WIP - Station Stats CSV

WorldBank-Transport / open-transit-indicators

An open-source tool to support transport agencies in planning and managing public transit systems

GNU General Public License v3.0

44 stars 21 forks source link

WIP - Station Stats CSV #640

Closed moradology closed 9 years ago

ddohler commented 9 years ago

+1; I'm not in love with storing giant CSV blobs in the database, but if there aren't any other workable options then that's probably the best way to go.

This could use another set of eyes though since it's fairly long and I haven't exercised my Scala muscles in a while; maybe @notthatbreezy could glance at it?

ddohler commented 9 years ago

It would also be good to try this out on a largish system (e.g. Zhengzhou) to get a sense for what kind of database resources this uses.

notthatbreezy commented 9 years ago

Looks good to me too, but I have the same question as @ddohler about why you chose the database to store it instead of the filesystem. Seems like this CSV is akin to the other jobs indicators which we just drop into the filesystem, keying it on the scenario/job id. I do worry about the larger systems like Chicago or Zhengzhou which have many more stops than Philadelphia

moradology commented 9 years ago

Why the concern about bytes in Postgres?
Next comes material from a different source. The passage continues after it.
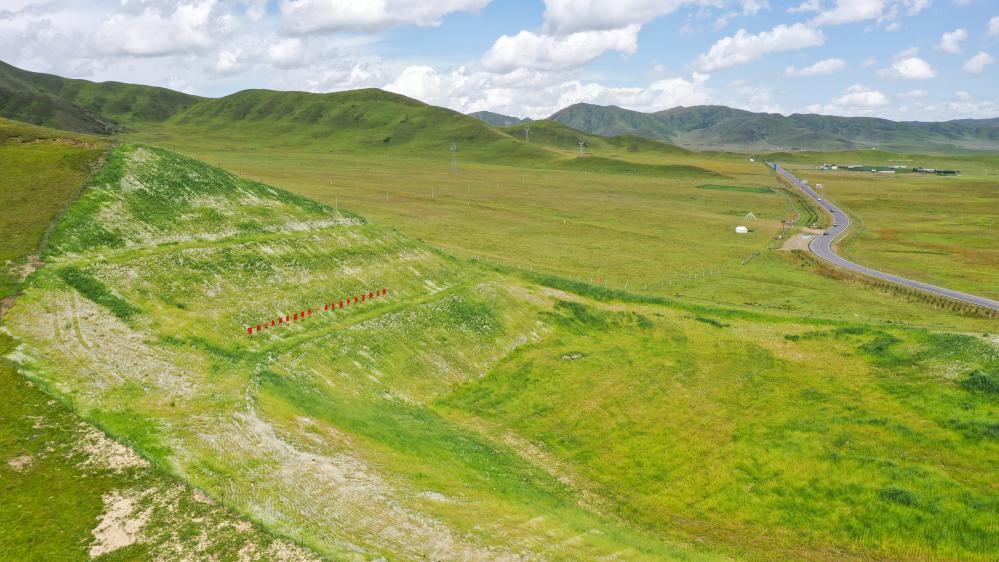 这是在四川省阿坝藏族羌族自治州若尔盖县唐克镇嘎尔玛村拍摄的治理后的坡面。新华社记者 王曦 摄
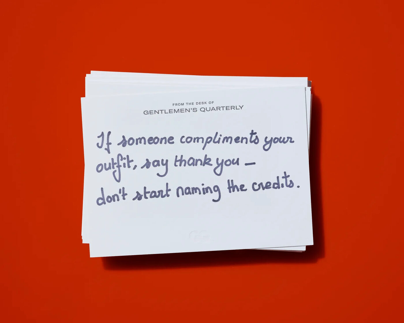 누군가 너의 옷차림을 칭찬하면, “고마워”라고 해라. 브랜드나 출처, 가격대를 나열하기 시작하지 마라. “이거 파리에서 찾은 200만원 짜리 재킷이야. 내가 이걸 근데 얼마에 샀게?”같은 대화는 필요 없다.

I used it so that I could store some information about the settings with which the CSV was processed. Databases store images which are many times larger than any CSV we'll be creating could conceivably be, I think this is probably alright

notthatbreezy commented 9 years ago

I don't agree -- that's why we were wondering if you ran this on Chicago or Zhengzhou and how big the files are. Storing large blobs in the DB can adversely affect the DB performance and usually storage of images and files in a DB is eschewed in favor of storing file metadata in the database and storing the file in the filesystem, a pretty common pattern that we use regularly. There is decent rundown of the pluses, minuses, and considerations involved in going down this path here.

moradology commented 9 years ago

Assuming 2bytes per char and 50 chars per line (that's a very generous estimate) and Chicago's roughly 12000 stops, the file will be about 10mb. I really doubt that storing a single 20mb(for argument's sake) file will have any negative consequences. I don't think the storage of binary data in dB is so verboten that it shouldn't be used for a simple case like this. And again, it will only hold one file as is.

ddohler commented 9 years ago

Yeah -- I'm not necessarily against doing this, but I think we should make sure that it can successfully handle a big transit system since it's unfamiliar territory.

notthatbreezy commented 9 years ago

Cool, we probably aren't going to run into issues with it; doesn't seem like this use case calls for using the database either though.

jbranigan commented 9 years ago

Was this tested with Chicago, or just estimated? Testing is better before saying it's done.